Iowa Renewable Fuels Association Executive Director Monte Shaw said in a news release the ethanol volumes are meaningless.
"This is a status quo proposal for ethanol and the status quo is bad," he said. "The ethanol number isn't worth the paper it's written on so long as Scott Pruitt is granting small-refinery exemptions left and right -- even beyond what the Department of Energy recommends. With Pruitt in charge of the EPA, the ethanol number in reality is more like 13.5 billion gallons, which is well below what President Trump promised and what it takes to grow demand."
Renewable Fuels Association President and CEO Bob Dinneen said in a statement, "It would seem a hollow and cynical exercise to praise or thank EPA Administrator Pruitt for appearing to follow the statute with this proposed RVO."
Dinneen said a 15-billion-gallon corn ethanol volume usually would be a good market signal for corn and ethanol, but not this time.
"It comes with the backdrop of 1.6 billion gallons of demand destructed by illegal waivers to small refineries and no commitment that EPA is changing its approach to granting these exemptions," he said. "Thus, the proposal means nothing until EPA reallocates those lost gallons and sets forth a more transparent and rational process that assures small refinery waivers are not abused or granted unnecessarily."

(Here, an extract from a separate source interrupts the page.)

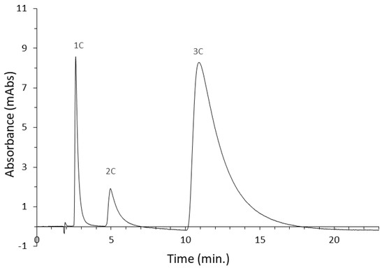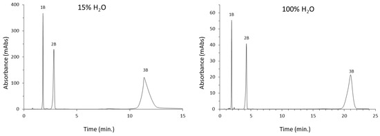 Only the Diol-P-benzyl column allowed the separation of the mixture to the baseline. It is the stationary phase with the lowest hydrophobicity. The differences in the structure of the caffeine derivatives include the different amounts and locations of the methyl group in the imidazolopyrimidine ring. Using phases with C10 and C18 chains attached did not allow the separation of either component to the baseline. In these two cases, it was necessary to use a higher water content than in the case of the Diol-P-benzyl and Diol-P-chol phases. This was due to the fact that the retention of the mixture’s components increased differently with a change in ACN concentration. At lower concentrations, the first two components eluted together, while at higher concentrations, the second and third components eluted together, making separation impossible. Using a buffer to stabilize the pH and ionic strength would likely allow narrower peaks and separation to the baseline in each case.
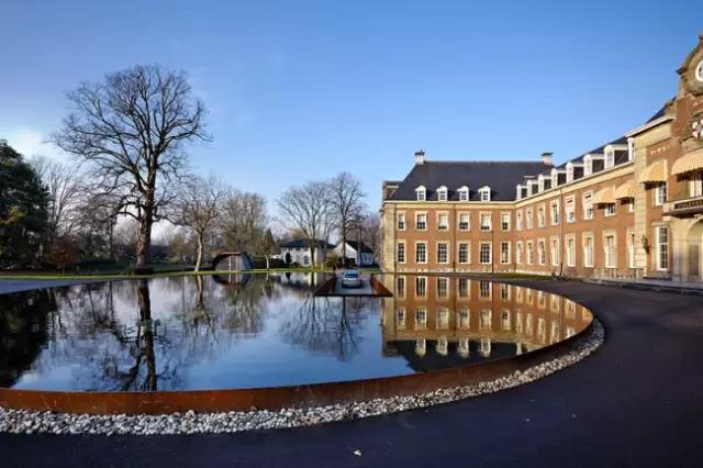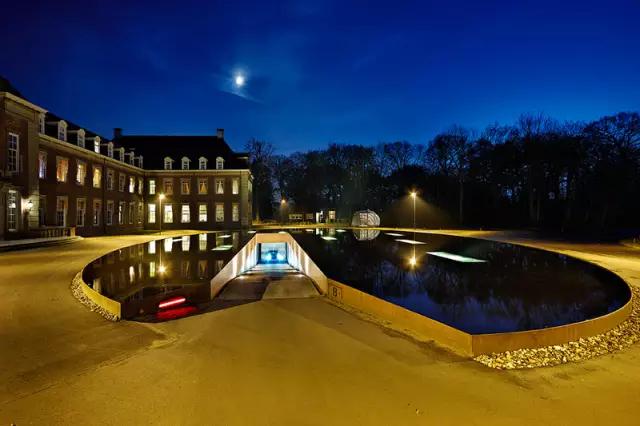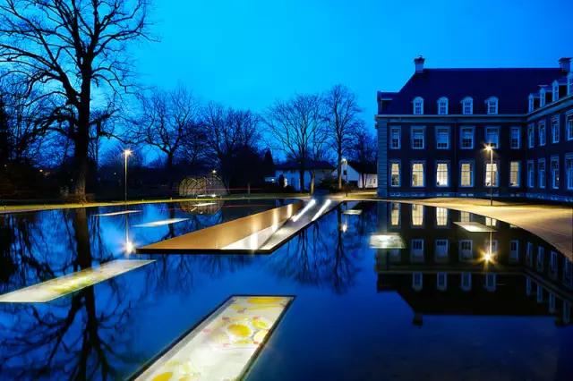 Hageveld庄园池内的采光井可以将自然光线引入地下车库。天窗使用彩色玻璃板,每一扇都是一件独立的艺术品。到了晚上,从地下车库透上来的光为庭院营造出别致的空间氛围。

The proposal does recommend increasing advanced biofuels by 590 million gallons for 2019. Of this, cellulosic ethanol received a 93 million-gallon boost with the rest allocated to any advanced biofuel.

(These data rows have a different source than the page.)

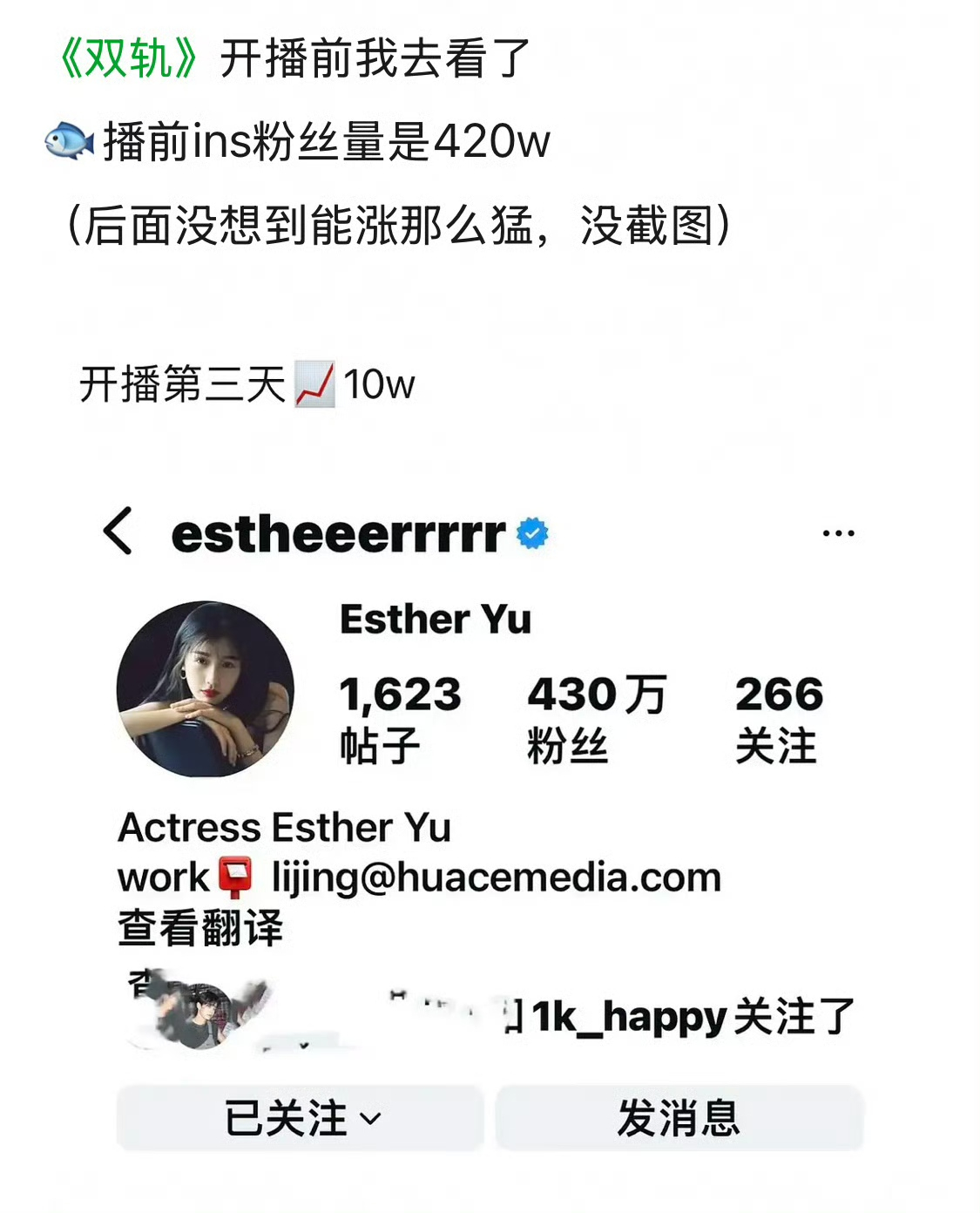 《双轨》在海外播出后效果很好,20多个国家和地区都登上top1,观众也很喜欢姜暮这个角色。 目前虞书欣洋抖粉丝破百万,ins涨粉超40万,角色热度真的很高
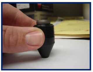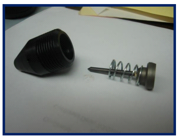 To replace the pin, assemble the spring and pin back together according to this picture above and hold the assembly in your hand again. Now with you thumb press the piston side of the pin firmly into the housing to seat the pin the assembly.
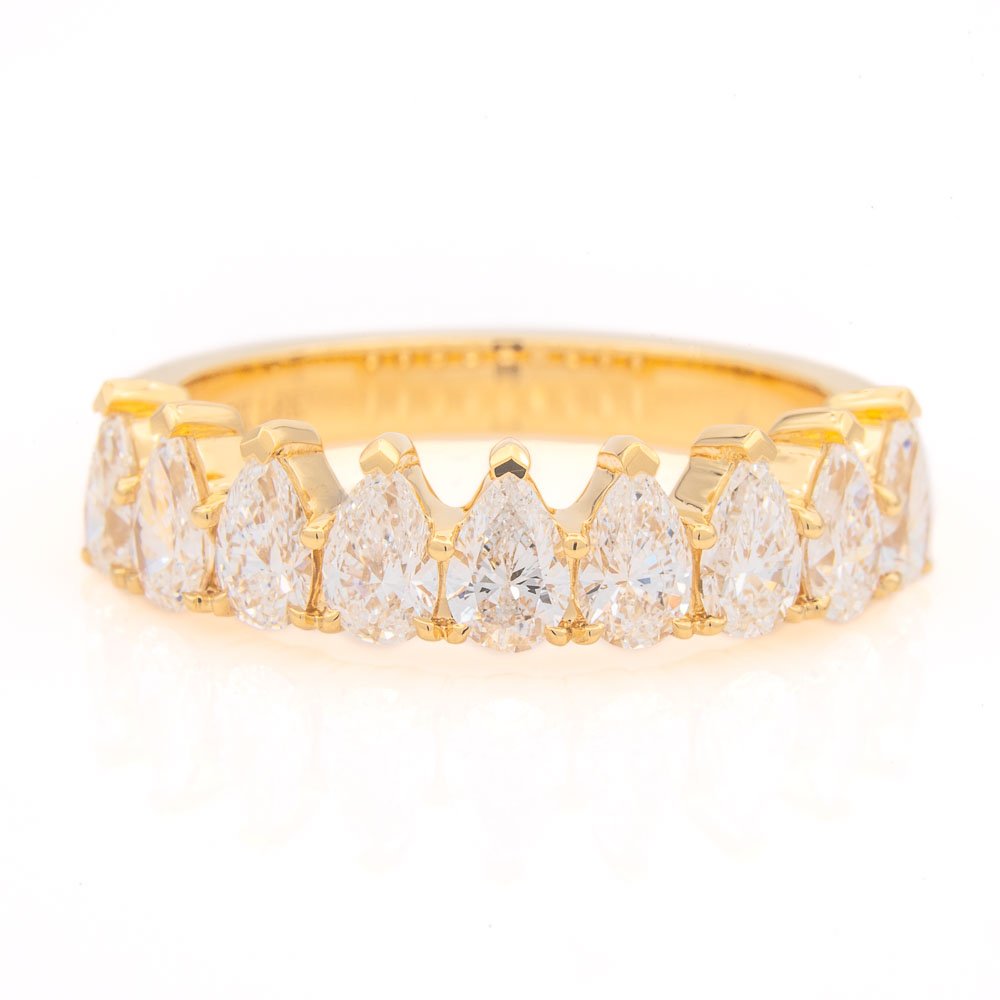 Prong set anniversary band with pear-shaped diamonds, set in same direction.
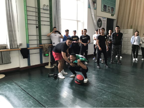 报告结束后,林子轶先生与员工进行了交流,并为公司健美队和社会体育指导与管理专业员工上了一堂动作示范课。课上他为员工制定了WOD(work of Day),并以利用药示翻站、实力推、牛角包实蹲、Burpeeplank作为教学内容,以实例说明了传统健身与Crossfit的区别,并为同学们指出健身训练过程中容易出现的不规范动作,最后对易造成损伤的错误动作进行了纠正。
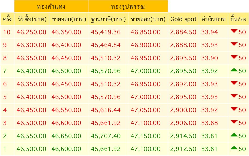 • ทองคำแท่งขายออกบาทละ 46,350 บาท
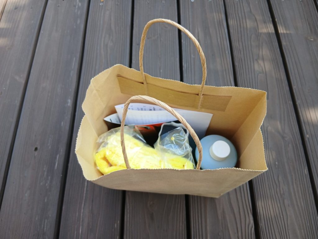 紙バッグに入れられた付属のシャンプーと撥水剤セット

Growth Energy CEO Emily Skor said, with the proposal, the EPA is "doubling down on another year of an estimated 1.5 billion gallons in demand destruction." She said that while the proposed volume increases in advanced and cellulosic biofuels are good for investors, "Those investments can't move ahead unless the EPA makes it clear that goals set by Congress will be enforced."
Kurt Kovarik, vice president of federal affairs at the National Biodiesel Board, said in a statement the group is encouraged to see the agency acknowledge biodiesel's ability to expand production.
"The fact remains, though, instability in the RFS program caused by the EPA has done significant damage that can only be rectified for biodiesel through consistent and predictable growth in volumes," he said.
American Coalition for Ethanol CEO Brian Jennings said the EPA continues to go against President Donald Trump's wishes on the RFS.
"Administrator Pruitt continues to disregard President Trump's campaign promise that 'the EPA should ensure that biofuel blend levels match the statutory level set by Congress under the RFS,'" Jennings said in a statement. "The 2019 proposed RVOs reinforce our decision to challenge certain small refinery exemptions in court and to petition EPA to account for lost volumes of renewable fuel resulting from the unprecedented number of retroactive small refinery exemptions granted by the agency."